BEGIN Supplied records

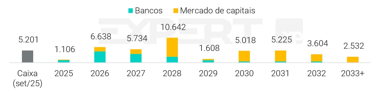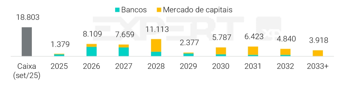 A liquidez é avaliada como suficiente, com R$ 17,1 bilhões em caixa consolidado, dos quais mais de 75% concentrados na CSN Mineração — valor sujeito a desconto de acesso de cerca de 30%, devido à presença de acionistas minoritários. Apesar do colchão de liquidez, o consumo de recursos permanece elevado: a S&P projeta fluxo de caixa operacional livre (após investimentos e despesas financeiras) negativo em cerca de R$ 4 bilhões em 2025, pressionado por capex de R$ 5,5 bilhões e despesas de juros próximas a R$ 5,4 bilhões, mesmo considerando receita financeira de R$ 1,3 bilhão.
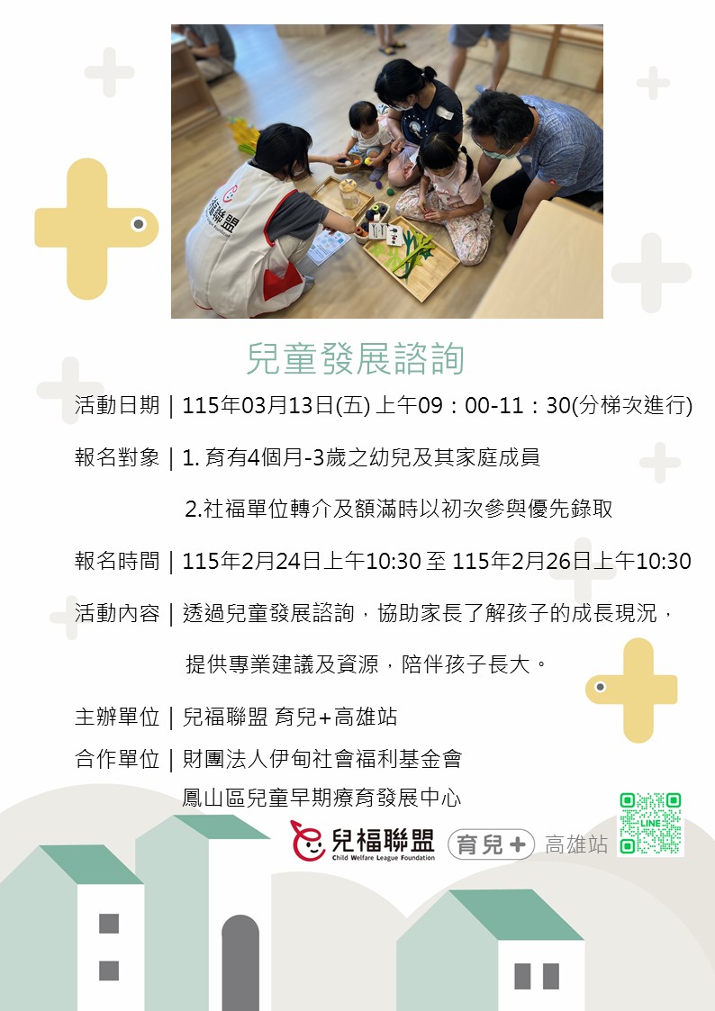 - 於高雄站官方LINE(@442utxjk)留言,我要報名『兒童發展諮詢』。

END Supplied records
BEGIN Supplied records

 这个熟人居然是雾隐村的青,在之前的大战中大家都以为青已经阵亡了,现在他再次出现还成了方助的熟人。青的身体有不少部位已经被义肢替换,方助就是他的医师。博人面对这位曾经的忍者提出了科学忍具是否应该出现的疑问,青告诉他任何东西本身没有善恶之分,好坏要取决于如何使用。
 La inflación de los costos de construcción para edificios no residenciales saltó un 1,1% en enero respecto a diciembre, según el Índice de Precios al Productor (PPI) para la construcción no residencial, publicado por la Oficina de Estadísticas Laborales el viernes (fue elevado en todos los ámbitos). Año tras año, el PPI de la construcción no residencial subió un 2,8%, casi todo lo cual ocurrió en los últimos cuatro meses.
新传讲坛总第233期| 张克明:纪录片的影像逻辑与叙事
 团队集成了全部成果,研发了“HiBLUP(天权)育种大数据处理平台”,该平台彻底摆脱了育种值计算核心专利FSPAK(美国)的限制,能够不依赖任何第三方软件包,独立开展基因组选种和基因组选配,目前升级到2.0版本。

END Supplied records
BEGIN Supplied records

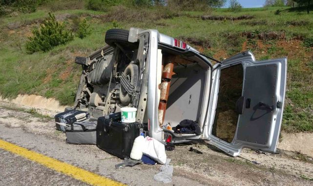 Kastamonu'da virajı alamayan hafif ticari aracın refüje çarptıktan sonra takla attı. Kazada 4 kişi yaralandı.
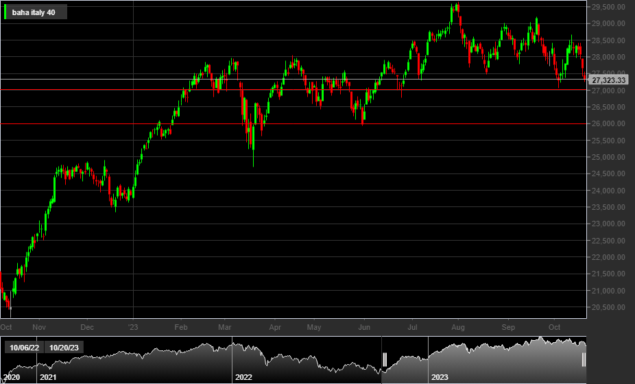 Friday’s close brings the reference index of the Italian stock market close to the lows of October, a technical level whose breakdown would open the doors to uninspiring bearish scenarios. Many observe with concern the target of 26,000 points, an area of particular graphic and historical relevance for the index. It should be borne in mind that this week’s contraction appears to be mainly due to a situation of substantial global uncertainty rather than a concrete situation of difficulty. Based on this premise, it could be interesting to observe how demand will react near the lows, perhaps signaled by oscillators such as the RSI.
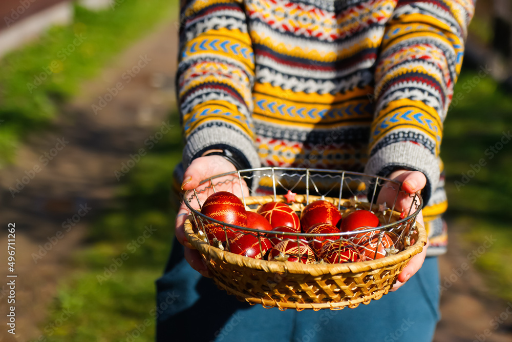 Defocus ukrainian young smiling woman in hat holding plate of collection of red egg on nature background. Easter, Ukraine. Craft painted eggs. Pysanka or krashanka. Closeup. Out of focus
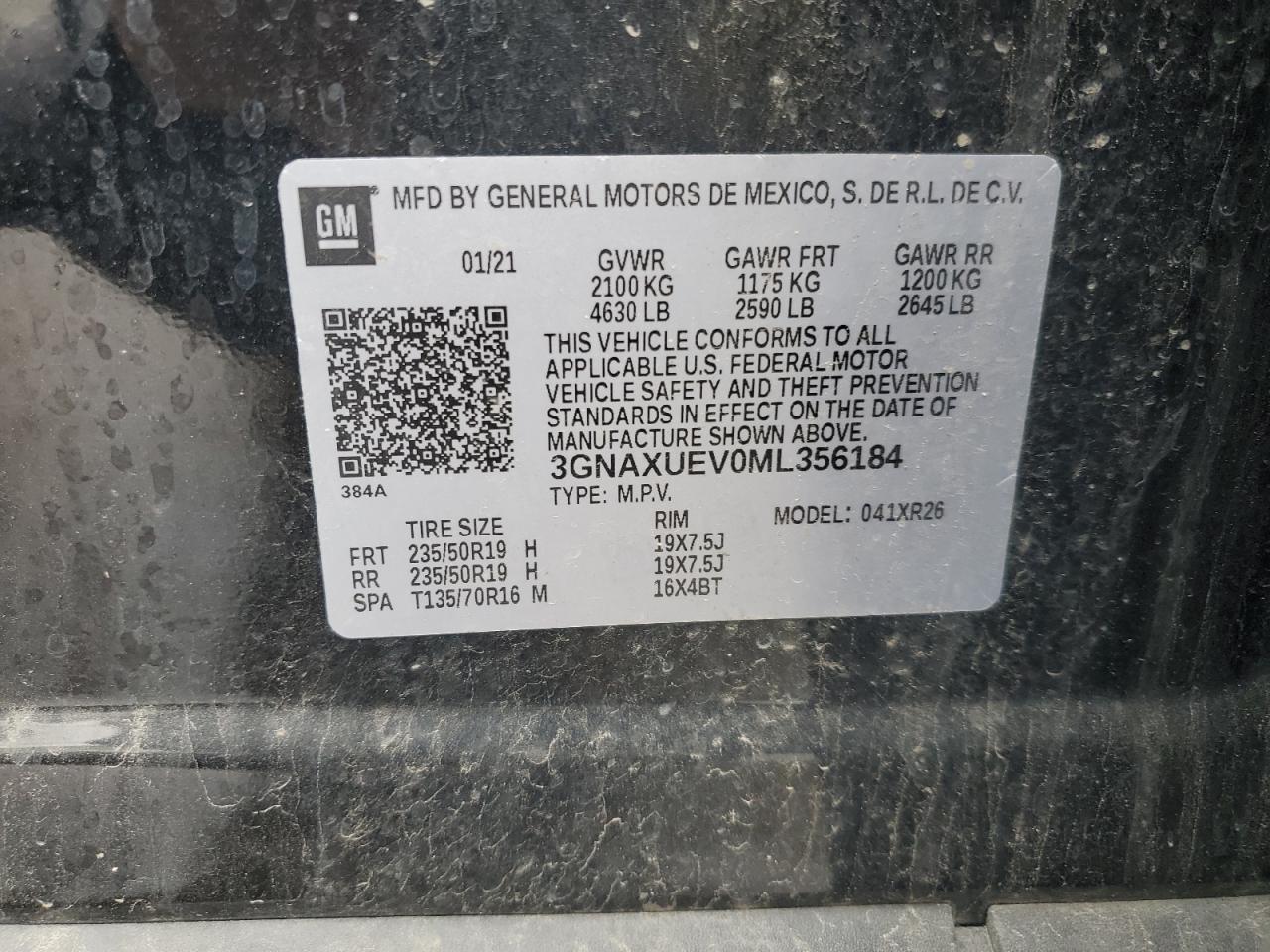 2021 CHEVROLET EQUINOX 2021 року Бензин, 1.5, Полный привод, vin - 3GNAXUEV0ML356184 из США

END Supplied records

What you have to do
Please return only the lines above, starting at the line that has "这个熟人居然是雾隐村的青,在" and ending at the line that has "新传讲坛总第233期| 张克明:纪录片的影像逻辑与叙事", keeping both and leaving each one unchanged.

Output below
 这个熟人居然是雾隐村的青,在之前的大战中大家都以为青已经阵亡了,现在他再次出现还成了方助的熟人。青的身体有不少部位已经被义肢替换,方助就是他的医师。博人面对这位曾经的忍者提出了科学忍具是否应该出现的疑问,青告诉他任何东西本身没有善恶之分,好坏要取决于如何使用。
 La inflación de los costos de construcción para edificios no residenciales saltó un 1,1% en enero respecto a diciembre, según el Índice de Precios al Productor (PPI) para la construcción no residencial, publicado por la Oficina de Estadísticas Laborales el viernes (fue elevado en todos los ámbitos). Año tras año, el PPI de la construcción no residencial subió un 2,8%, casi todo lo cual ocurrió en los últimos cuatro meses.
新传讲坛总第233期| 张克明:纪录片的影像逻辑与叙事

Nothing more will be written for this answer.